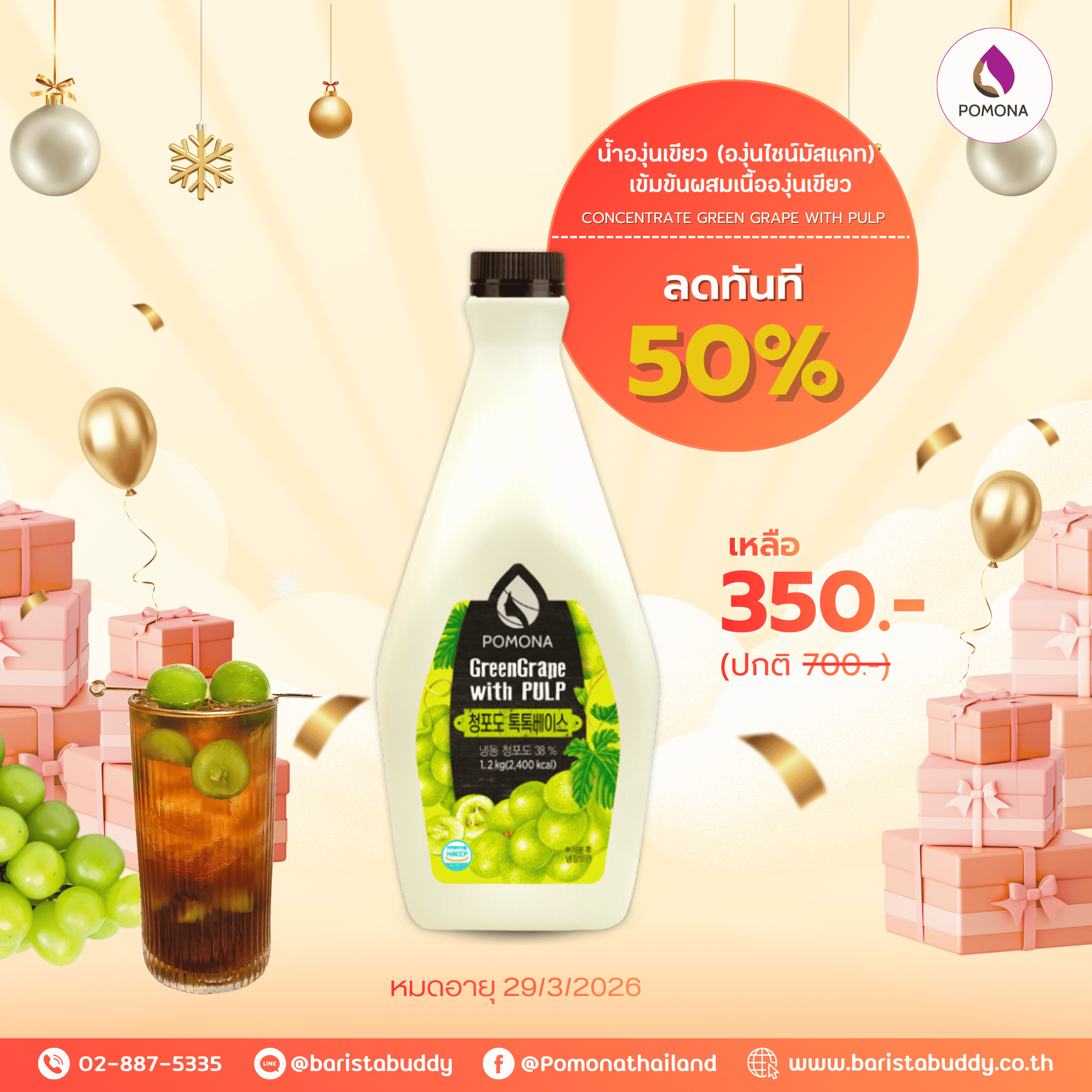• น้ำองุ่นเขียว (องุ่นไชน์มัสแคท) เข้มข้น ผสมเนื้อองุ่นเขียว ลด 50% เหลือเพียง 350.- (ปกติ 700.-) และแถมฟรี! สูตร 5 เมนู
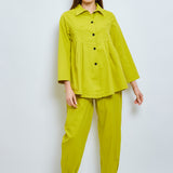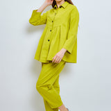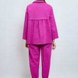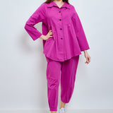 Il s'agit d'une chemise avec une coupe assez singulière, disponible en noir, vert ou fuschia. Elle est suffisamment confortable pour être porté lors de journées ensoleillées, mais elle peut également être porté sur d'autres hauts ou robes.
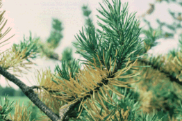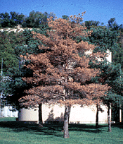 How do we tell if the tree will survive? First check to see if the branch with the browning needles is alive. Scrape off a small area of the "bark" of the branch with a sharp knife. There should be green tissue immediately under the bark. This green cambium layer is quite thin with the underlying woody tissue being white. If there is no green at all, the branch is dead. Also check the ends of branches. Dry, brittle twigs are a sure sign that at least that part of the tree is dead. Dead branches should be removed. Major branch removal may destroy the aesthetics of the tree resulting in tree removal as the only viable option. What can we do to reduce stress? Concentrate on good watering. During dry weather (including winter), water the trees to a depth of at least 10 inches with deeper watering preferred. You can check the depth the water reaches by pushing a long-tanged screwdriver, metal rod or wooden dowel into the soil. It will stop when it reaches dry soil. During hot, dry weather, trees may need watered once a week. If we have an open, dry winter, water the trees once per month when the temperatures are above freezing.
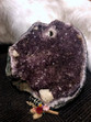 The amethyst of devotion was found in Brazil in 2022, she has multiple spaces for floral or nature offerings. This piece has a sacred, soothing energy and encourages reverence for nature and mother earth. This beauty has been popular as an addition to tables at weddings and as inclusions at nature-based gatherings and meditation retreats.
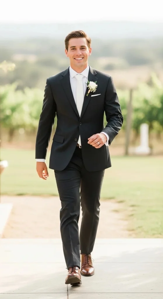 For a slightly modern twist, consider loafers or suede shoes—especially for outdoor weddings.

*-*-*

• **Task instructions**
Please transcribe exactly the lines from the start of the records through the line containing "Il s'agit d'une", leaving the pictures out.

• **Your response**
• น้ำองุ่นเขียว (องุ่นไชน์มัสแคท) เข้มข้น ผสมเนื้อองุ่นเขียว ลด 50% เหลือเพียง 350.- (ปกติ 700.-) และแถมฟรี! สูตร 5 เมนู
 Il s'agit d'une chemise avec une coupe assez singulière, disponible en noir, vert ou fuschia. Elle est suffisamment confortable pour être porté lors de journées ensoleillées, mais elle peut également être porté sur d'autres hauts ou robes.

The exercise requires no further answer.